All that said I've collected R-P, Win, FC, and they all work fine. Winchester seems to be a little more consistent for my needs with good powder capacity and uniformity of weights (in .308). For the really good stuff I keep a supply of Lapua brass on hand.

May 10, 2011, 10:26 PM
I reload several calibers (rifle: .204 Ruger, .308, 30-30 Win, and pistol: .45 ACP, .38/.357) and I'm still trying to figure out why some Winchester calibers are better than others. When firing .204 Ruger the Winchester brass has very soft primers and the empty cases stand at an angle after firing. Winchester nickel plated .204 doesn't do that, nor does RP .204 brass. Overall I will go with what works and is easiest to come by when needed.

May 11, 2011, 08:48 AM
I am nowhere near match level in my shooting, but I am good enough that I very easily beat everyone in our anual deer camp shoot (its only a buck from everyone I beat which covors what I lose in euchre lol). That said, for 5.56 and 7.62x51 I use LC once fired. For .308 and .300 WSM I use Win. It works, I like it, nuff said ;)

May 11, 2011, 11:22 AM
I couldn't vote because like so many answers to questions here, "it depends"!

In this case, it depends on which cartridge i'm loading! I like some brands in some cartridges better than others. Like in my 8x57 or 9.3x74R i prefer RWS brass...

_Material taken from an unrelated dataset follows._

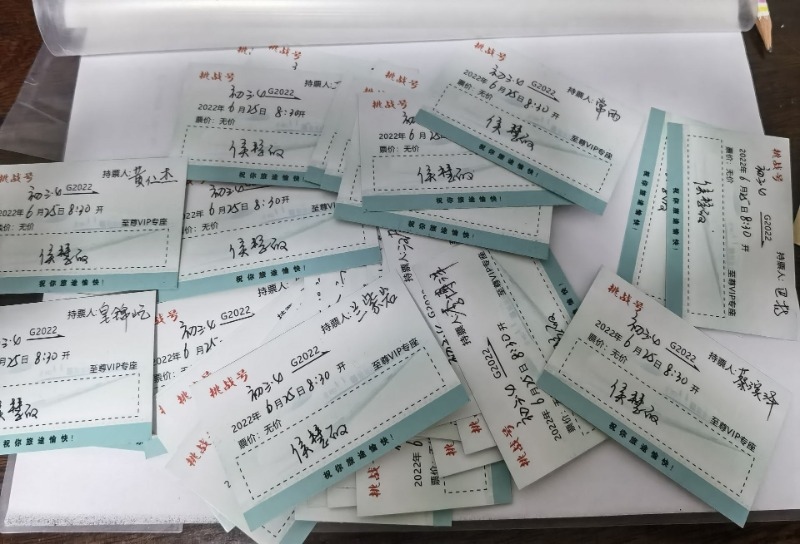 6月20日,呼和浩特市第五中學(xué)初三(4)班班主任侯慧敏老師給班里57名學(xué)生的手寫“告別信”刷屏朋友圈,紙短情長(zhǎng),愛意滿滿。每封信箋做成車票的樣式,正面寫著車次:“挑戰(zhàn)號(hào)”G2022;時(shí)間:2022年6月25日8時(shí)30分;座位:至尊VIP專座;票價(jià):無(wú)價(jià)。“終點(diǎn)站”并未填寫。侯慧敏說(shuō),那是孩子們的夢(mèng)想,需要靠他們自己來(lái)完成。當(dāng)天的畢業(yè)班會(huì)上,當(dāng)每個(gè)學(xué)生打開信箋,滿滿的回憶和濃濃的情誼不禁讓孩子們潸然淚下。

I would have liked it better if you had included them all, (Federal, Hornandy, RWS ect..and see what everyone prefers THAT way.....maybe even letting folks vote for as many as they want.


May 14, 2011, 08:11 PM
I have 100 pieces of Lapua .308 brass I bought to use after I got some experience loading bottleneck rifle cartridges. The Winchester brass has held up to 11 firings so far with the primer pockets still tight. I'm thinking the Lapua brass will be sitting on deck for a while yet.

May 17, 2011, 07:26 PM
Flip a coin, I'll use what ever I can get the cheapest. I seem to get good case life out of either. Rem cases seem to be softer and Win is little more consistant in weight. But I'll go for the best price every time.